━━━━━ MATERIAL SUPPLIED ━━━━━

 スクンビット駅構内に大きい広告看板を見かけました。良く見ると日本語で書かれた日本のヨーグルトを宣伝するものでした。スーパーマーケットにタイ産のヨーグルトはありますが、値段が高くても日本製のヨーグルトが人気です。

━━━━━
━━━━━ MATERIAL SUPPLIED ━━━━━

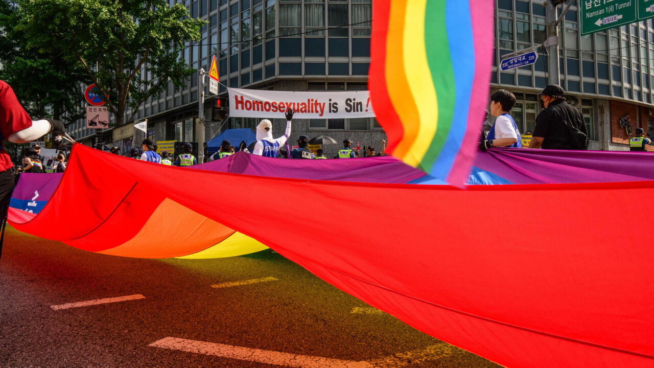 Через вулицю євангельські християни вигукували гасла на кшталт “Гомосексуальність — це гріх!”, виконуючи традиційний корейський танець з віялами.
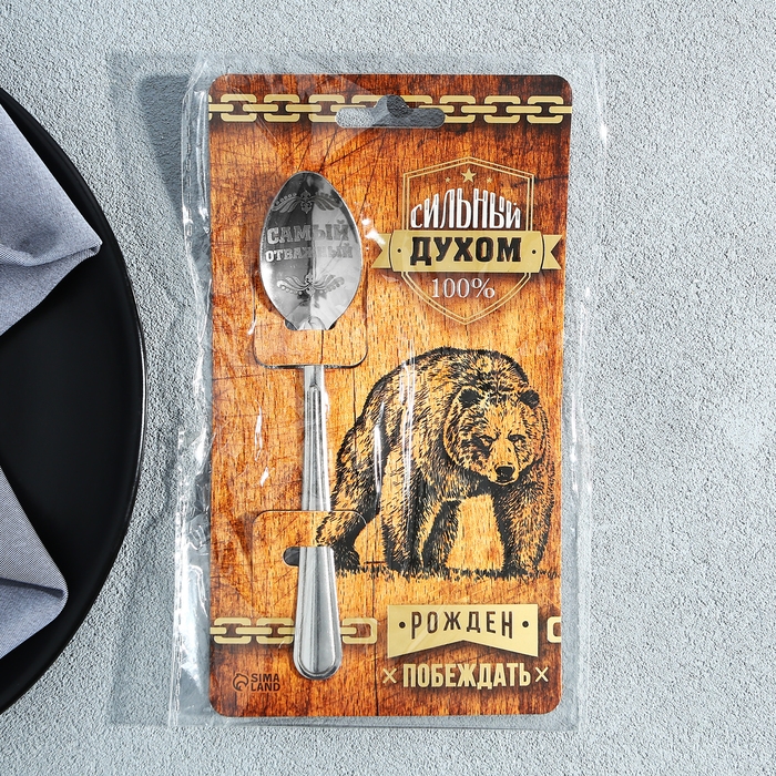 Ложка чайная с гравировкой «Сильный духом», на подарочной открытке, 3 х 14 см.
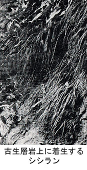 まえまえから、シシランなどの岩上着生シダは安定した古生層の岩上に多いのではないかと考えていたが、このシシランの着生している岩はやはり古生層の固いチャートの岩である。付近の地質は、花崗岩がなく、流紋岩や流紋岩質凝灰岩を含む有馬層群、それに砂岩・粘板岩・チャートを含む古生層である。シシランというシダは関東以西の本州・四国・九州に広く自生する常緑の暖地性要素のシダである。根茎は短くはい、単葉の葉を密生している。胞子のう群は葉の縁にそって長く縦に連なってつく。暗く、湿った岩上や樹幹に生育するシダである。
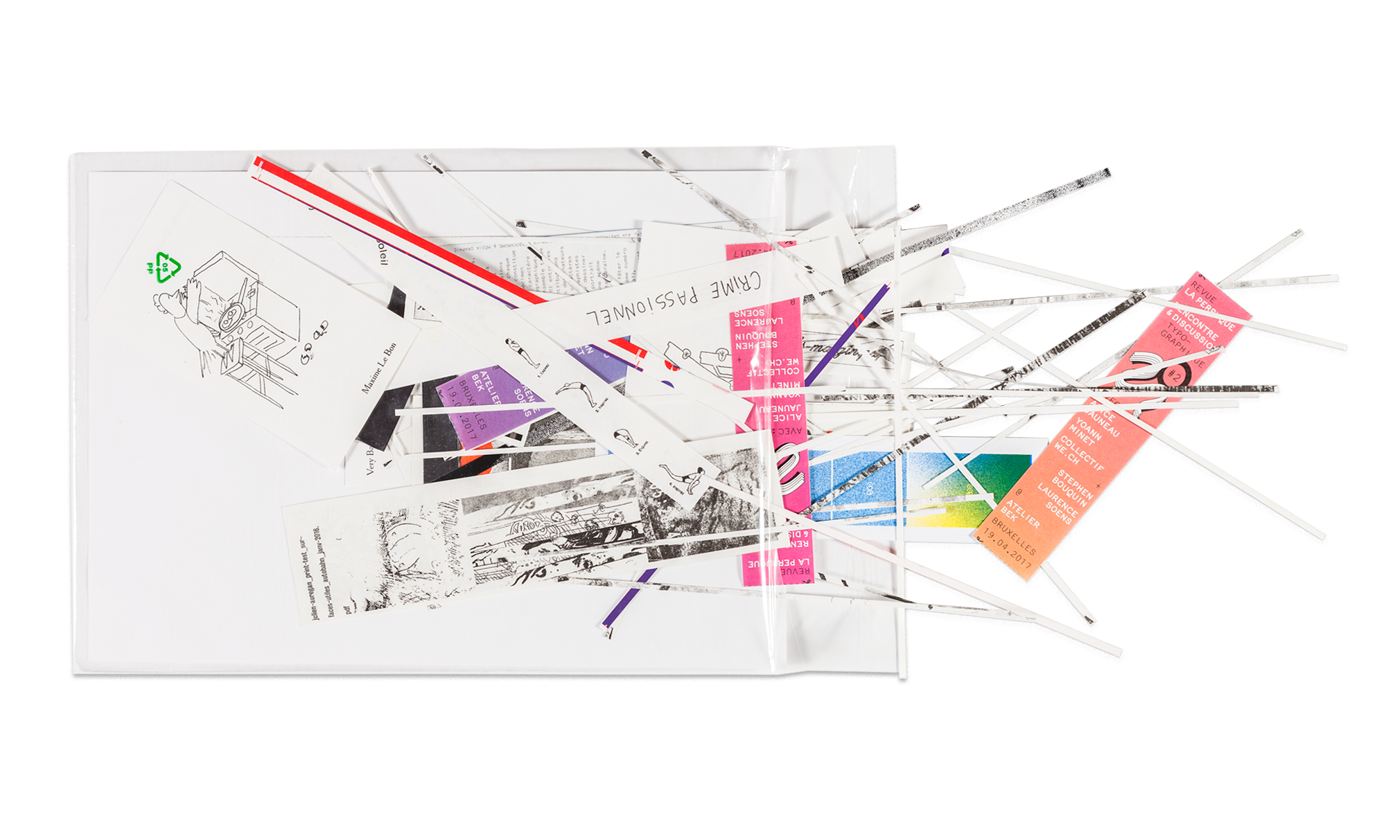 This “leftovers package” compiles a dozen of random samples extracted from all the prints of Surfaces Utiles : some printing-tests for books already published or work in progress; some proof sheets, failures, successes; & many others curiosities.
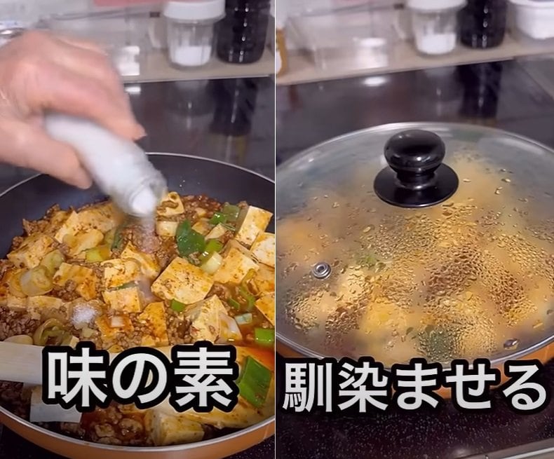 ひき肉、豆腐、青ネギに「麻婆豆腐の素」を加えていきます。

━━━━━

ACTION ITEM: Keep to the stretch from the line containing "many others curiosities." through the line containing "ひき肉、豆腐、青ネギに「麻婆豆腐の素」を加えていきます。", both ends included, and copy it exactly from the listing above, minus the pictures.

WRITTEN RESPONSE:
 This “leftovers package” compiles a dozen of random samples extracted from all the prints of Surfaces Utiles : some printing-tests for books already published or work in progress; some proof sheets, failures, successes; & many others curiosities.
 ひき肉、豆腐、青ネギに「麻婆豆腐の素」を加えていきます。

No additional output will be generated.